Поставив масляную лампу на место, Родарик посмотрел на нее долгим взглядом.

— Прямо сейчас, Дайони, я готов тебя убить. Но, учитывая что я и сам не безгрешен, подозреваю, что в конце концов я тебя прощу. — Он обернулся к Виллу: — Вы, наверное, не тот человек, кому я доверил бы эту тайну, если бы мог выбивать Но раз уж вы замешаны в этом деле, то остается лишь надеяться, что к лучшему. Я надеюсь, что могу на вас положиться и поручить вам выяснить как можно больше среди ваших, боюсь, не самых достойных…

Вилл подал Дайони руку и помог ей подняться.

— Если Машину Хаоса взяли хоксбриджские толстопяты, я найду способ ее вернуть. Но если ее похитили шпионы какого-нибудь другого короля, князя или герцога… Эта вещь пропала уже три дня назад и может теперь быть где угодно — в Риджксленде, в Шенебуа или в Монтсье, а с тем же успехом и в Херндайке, Брайдморе или Монтань-дю-Солей.

— Нет, — сказал Родарик, — не думаю. Поддерживая работу этого механизма, я и сам настроился на него.

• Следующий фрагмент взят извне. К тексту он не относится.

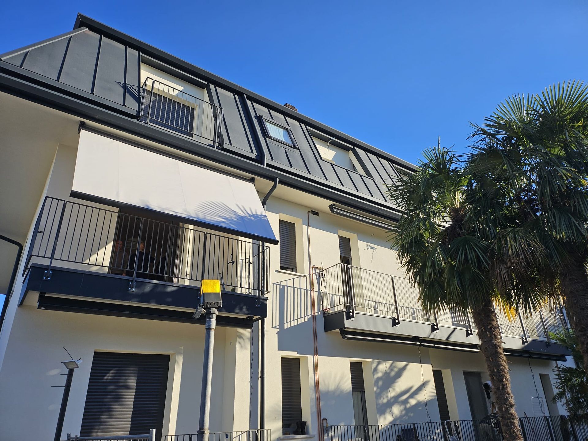 Le Tende da sole a bracci della Bap sono costruite su misura. Funzionamento mediante argano demoltiplicatore manuale o con motore. Dispositivi automatici di salita e discesa in caso di vento e pioggia. Strutture autoportanti in alluminio laccato e particolari in alluminio pressofuso.

На вибрацию маленьких камней, которые составляют часть механизма. В двух словах: я не думаю, чтобы Машина Хаоса могла быть унесена далеко либо могла пересечь границы так, чтобы я этого не знал.

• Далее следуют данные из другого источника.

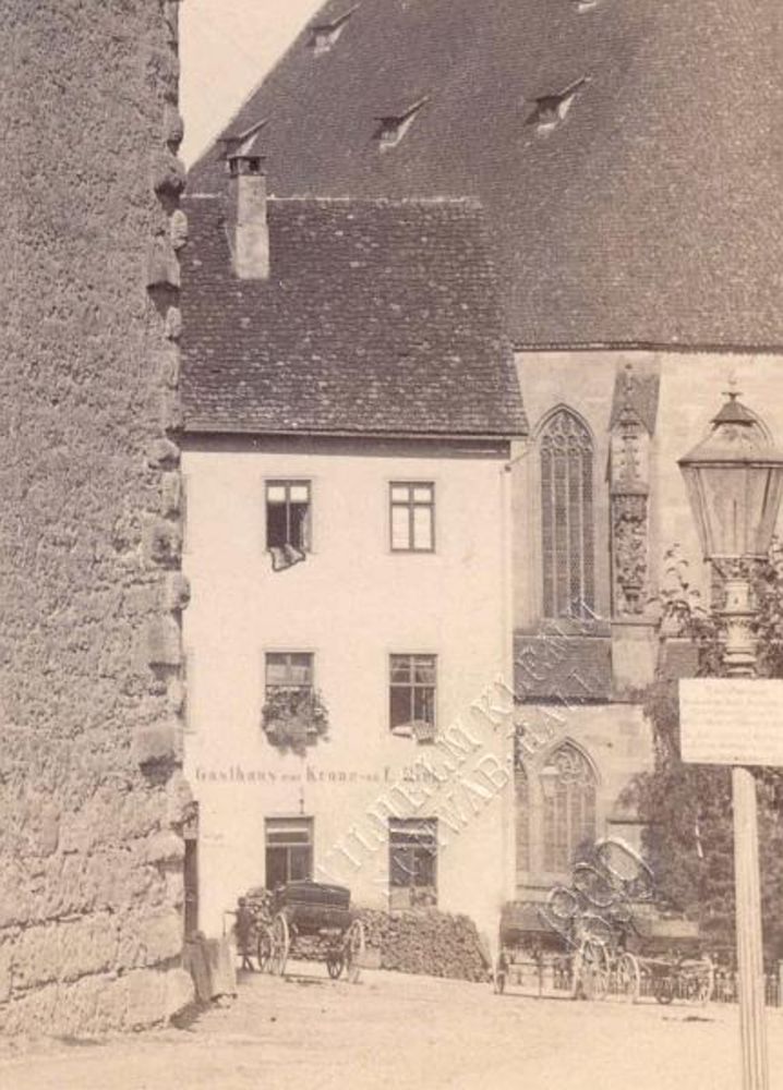 Die alte Gastwirtschaft "Krone" befand sich im Nebenhaus Klosterstraße 2. Erst als 1878 der Besitzer beider Häuser Otto Flumm das Haus Klosterstraße 1 an Joseph Berroth verkaufte, wurde de Wirtschaftsgerechtigkeit übertragen (StadtA Schwäb. Hall 19/842, S. 981)

Вилл задумчиво нахмурился.

— Если тут дело в каком-то магическом взаимном притяжении, то это может помочь вернуть Сокровище. — Он вспомнил, как сидел на большой белой кровати Лили и спрашивал, что она читает. — А ведь я всего два дня назад держал в руках Мандевиля — жаль, что у меня сейчас нет этой книги!

Но мысль о Мандевиле подала ему другую идею.

— Хоксбриджский университет самим своим существованием обязан указу короля. Все профессора давали клятву служить короне. И весь преподавательский состав колледжа Малахим состоит из магов и естествоиспытателей — они могут подсказать, что делать.

Родарик обдумал это и быстро принял решение.

— Я напишу декану и попрошу его устроить мне встречу с двумя лучшими учеными. А пока, — заключил он, — никому ничего не говорите и никому не доверяйте. Вы сами сказали — неизвестно, как далеко может распространиться заговор и кто может в нем участвовать.

13

Тарнбург, Винтерскар.

Одиннадцатью месяцами раньше — 26 бореаля 6537 г.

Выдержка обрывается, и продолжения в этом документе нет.